Brandenburgisches Oberlandesgericht 4. Zivilsenat, Urteil vom 22.08.1997, Az.: 4 U 204/96
Zusammenfassung:
Das Urteil des Brandenburgischen Oberlandesgerichts (4. Zivilsenat, Az. 4 U 204/96) vom 22.08.1997 befasst sich mit dem Beginn der Ersitzungsfrist bei der sogenannten Buchersitzung in der ehemaligen DDR. Im Kern ging es darum, ab welchem Zeitpunkt die Ersitzungsfrist für Eigentumserwerb an Grundstücken begann, die in der DDR durch Eintragungen im sogenannten Buch der Grundstücke (Buchersitzung) dokumentiert wurden. Das Gericht entschied, dass die Ersitzungsfrist erst mit der Einführung der neuen Rechtsprechung nach der Wiedervereinigung begann, da die Eintragungen in der DDR keine unmittelbare Eigentumsübertragung im Sinne des Bürgerlichen Gesetzbuchs (BGB) darstellten. Dieses Urteil ist von großer Bedeutung für die Klärung von Eigentumsverhältnissen an Immobilien in den neuen Bundesländern und stellt klar, wie Ersitzungsvorschriften bei ehemaligen DDR-Grundstücken anzuwenden sind.
Tenor
Das Brandenburgische Oberlandesgericht entscheidet wie folgt:
- Die Klage wird abgewiesen.
- Die Kosten des Verfahrens trägt der Kläger.

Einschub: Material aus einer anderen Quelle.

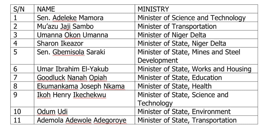 - Senator Adeleke Mamora, Minister of Science and Technology (formerly Minister of State, Health);
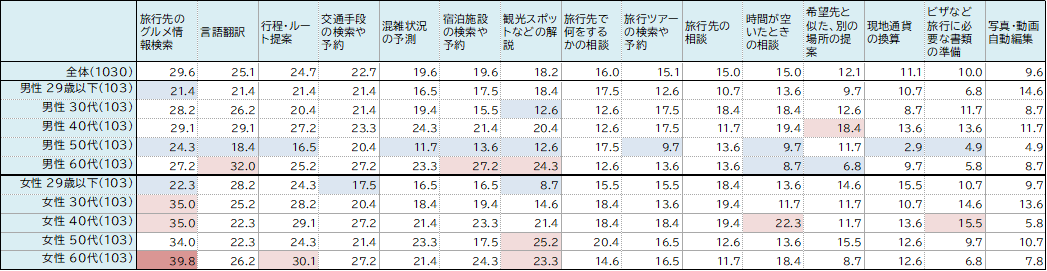 (表2) 旅先で利用したいAIサービス(性年代別)

- Der Streitwert wird auf 150.000 DM festgesetzt.
Gründe
Sachverhalt
Im vorliegenden Fall stritt ein Kläger mit dem Beklagten über das Eigentum an einem Grundstück, das sich in den neuen Bundesländern befindet. Die Ausgangslage ist geprägt durch die Eigentumsverhältnisse in der ehemaligen DDR, insbesondere die Eintragungen im sogenannten Buch der Grundstücke, auch Buchersitzung genannt. Während in der Bundesrepublik Deutschland der Eigentumserwerb an Grundstücken durch Eintragung im Grundbuch geregelt ist (§ 873 BGB), war in der DDR das sogenannte Buch der Grundstücke maßgeblich, in dem Rechte an Grundstücken eingetragen wurden.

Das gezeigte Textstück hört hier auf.